Wenn du beim Melis bist, sprich ihn auf den Kreek an ... und hol dir ein Ticket! Falls er nicht selbst drauf eingeht, frag ihn auch nach den "besonderen Bestimmungen", was die Entnahmeerlaubnis angeht. Es kann sich wirklich lohnen 


Viel Spaß!


----------



## _seabass_hunter (7. Mai 2012)

*AW: Wo bekomme ich in Zeeland Sandaale/Tobiasfische her*



Pippa schrieb:


> Wenn du beim Melis bist, sprich ihn auf den Kreek an ... und hol dir ein Ticket! Falls er nicht selbst drauf eingeht, frag ihn auch nach den "besonderen Bestimmungen", was die Entnahmeerlaubnis angeht. Es kann sich wirklich lohnen
> 
> 
> Viel Spaß!



Brauch hier mal eine Übersetzung)
Was ist Kreek? Für was brauche ich ein Ticket? Entnahmeerlaubnis??Lohnen??
Verstehe hier nur Bahnhof:c
Danke


----------



## Pippa (7. Mai 2012)

*AW: Wo bekomme ich in Zeeland Sandaale/Tobiasfische her*



rolcinc schrieb:


> Brauch hier mal eine Übersetzung)
> Was ist Kreek? Für was brauche ich ein Ticket?

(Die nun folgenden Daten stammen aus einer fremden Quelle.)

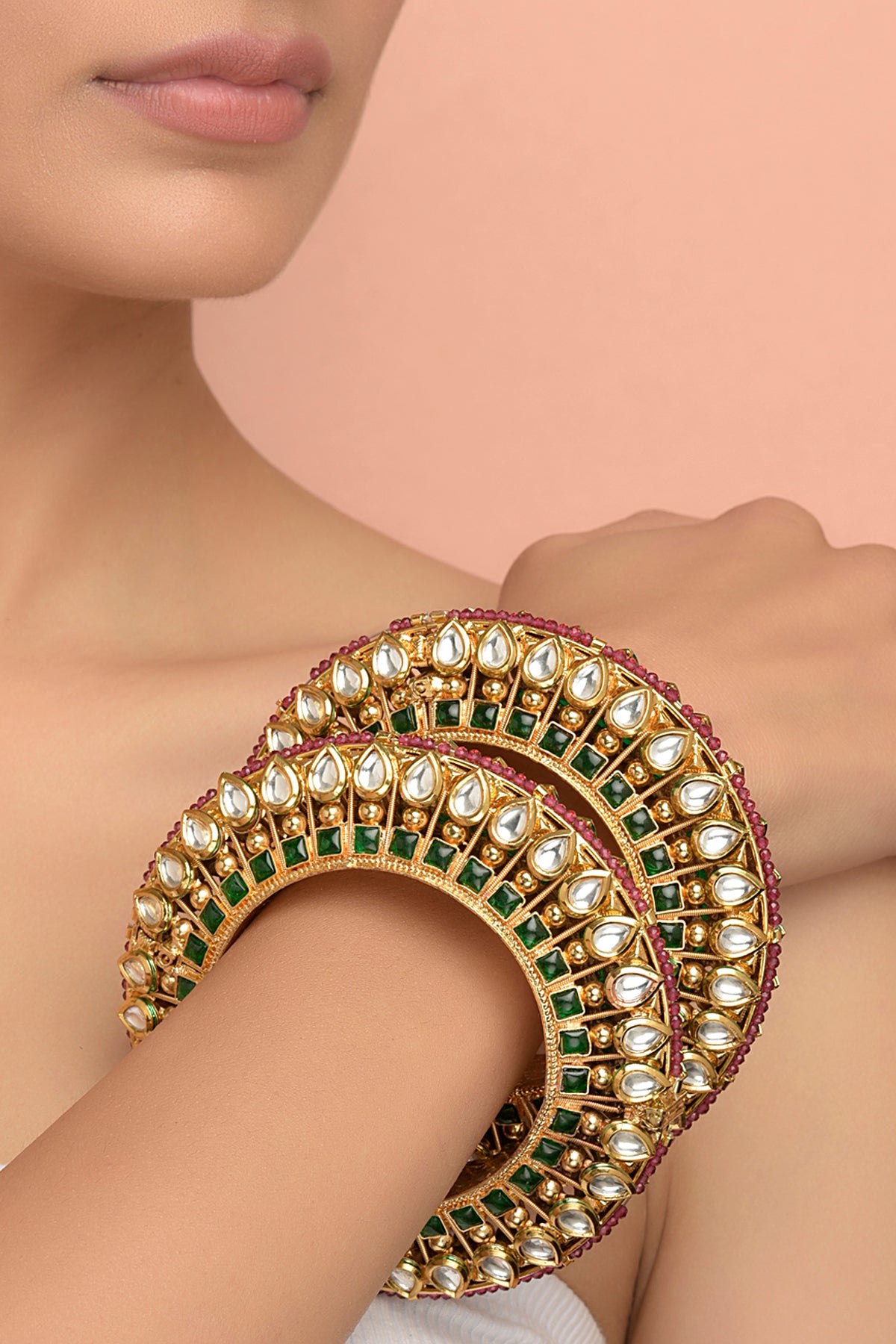 Featuring a pair of gold plated bracelets studded with kundan polki and green stones. Perfect wear for festive occasions or wedding ceremonies.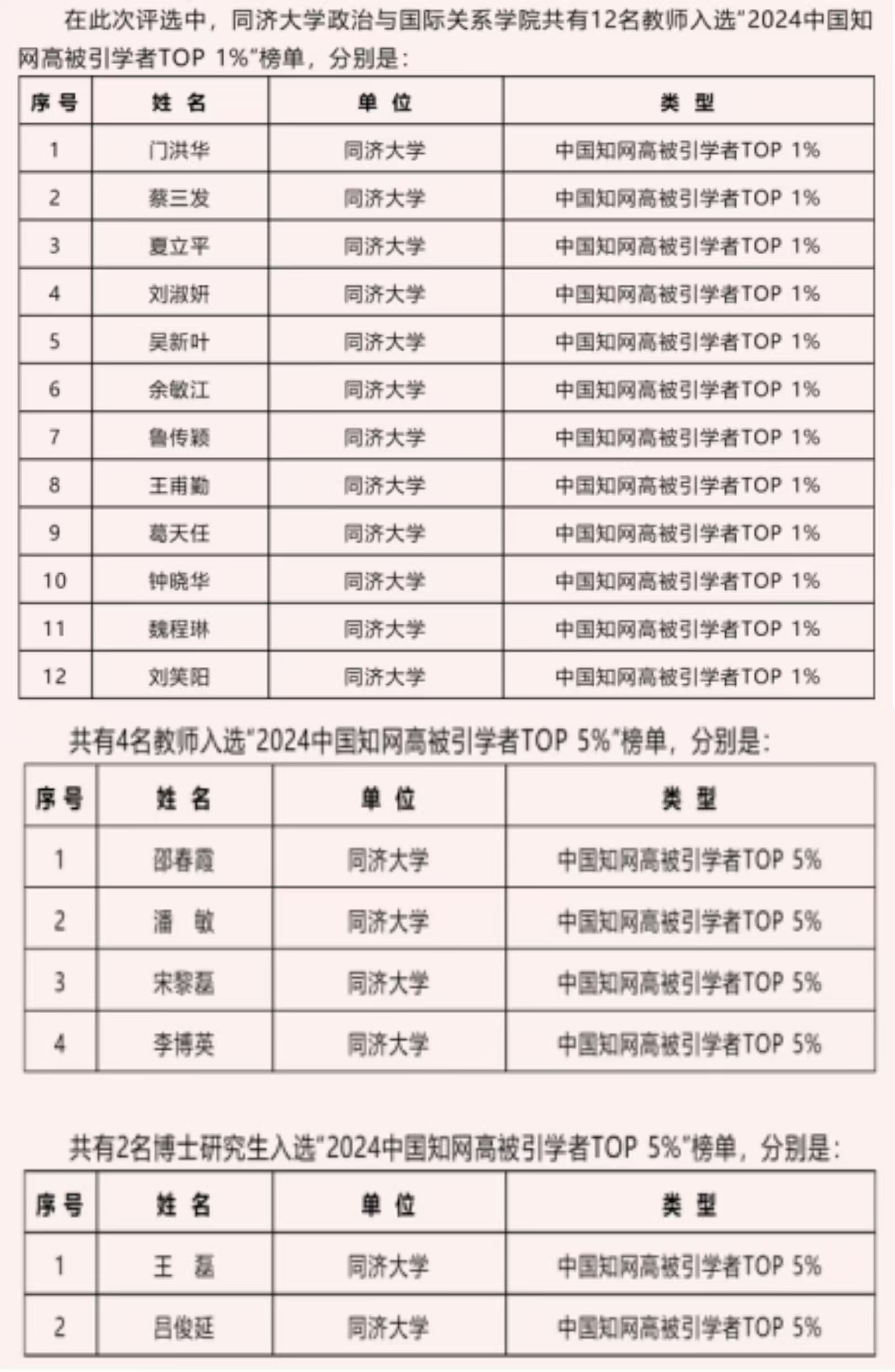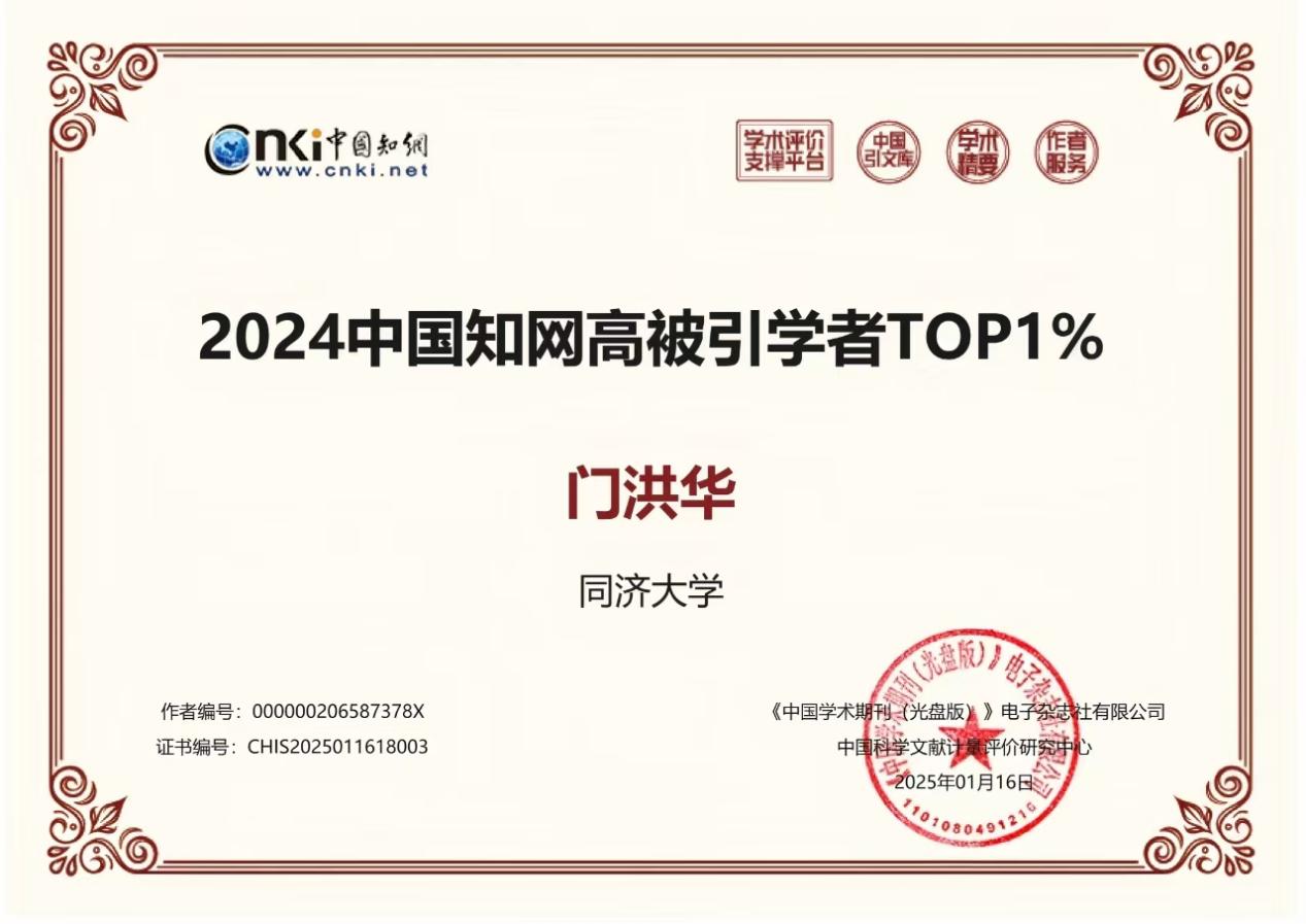 202412月底,中国知网中国科学文献计量评价研究中心基于中国知网收录的国内学术期刊论文和会议论文,首次公布了2024中国知网高被引学者”名单。在此次评选中,同济大学星空足球共有12名教师入选2024中国知网高被引学者TOP1%榜单,共有4名教师入选2024中国知网高被引学者TOP5%榜单,共有2名博士研究生入选2024中国知网高被引学者TOP5%榜单。

Entnahmeerlaubnis??Lohnen??
> Verstehe hier nur Bahnhof:c
> Danke



OK, ich versuch's mal :g

Kreek: wörtlich: Bach; Gewässer in Westkapelle
Ticket: Berechtigung am Gewässer zu angeln (Tag/Woche)
Entnahmeerlaubnis: Berechtigung, Fische mitzunehmen (im Speziellen ist hier eine Fischart gemeint, die im Rest der Niederlande nicht entnommen werden darf)
Lohnen: siehe "Entnahmeerlaubnis"

Habe absichtlich etwas kryptisch getippselt, damit ich keinen Massen-Angeltourismus auslöse |uhoh:|supergri


----------